**Provided data**.

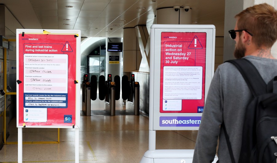 A passanger stands next to the gate of Waterloo East Station, which is closed due to strike, in London, Britain, July 30, 2022. (Xinhua/Li Ying)
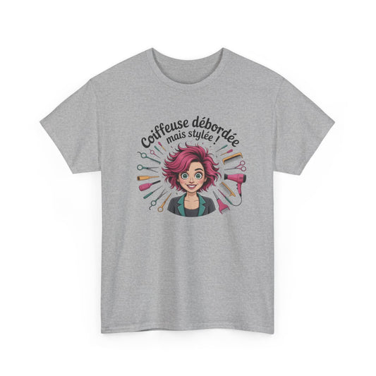 T-shirt Coiffeuse Débordée mais Stylée Tee Shirt Femme Métier Humoristique Blanc ou Gris Illustration Colorée
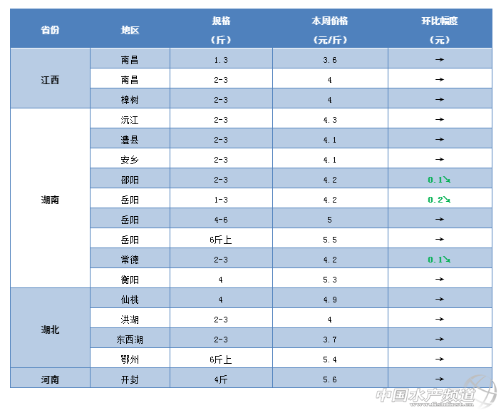 江蘇:本周江蘇地區的草魚行情暫時沒有太大變化,塘頭價基本維持上周水平。有徐州養殖戶表示,豬肉價格上漲之后雞鴨肉價格上漲可能性比較大,魚價上漲可能還是有點難。

**Problem details**.
Pictures do not go in the copy. Write out exactly the lines from the line containing "T-shirt Coiffeuse Débordée" through the last line of the listing.

**Answer**.
 T-shirt Coiffeuse Débordée mais Stylée Tee Shirt Femme Métier Humoristique Blanc ou Gris Illustration Colorée
 江蘇:本周江蘇地區的草魚行情暫時沒有太大變化,塘頭價基本維持上周水平。有徐州養殖戶表示,豬肉價格上漲之后雞鴨肉價格上漲可能性比較大,魚價上漲可能還是有點難。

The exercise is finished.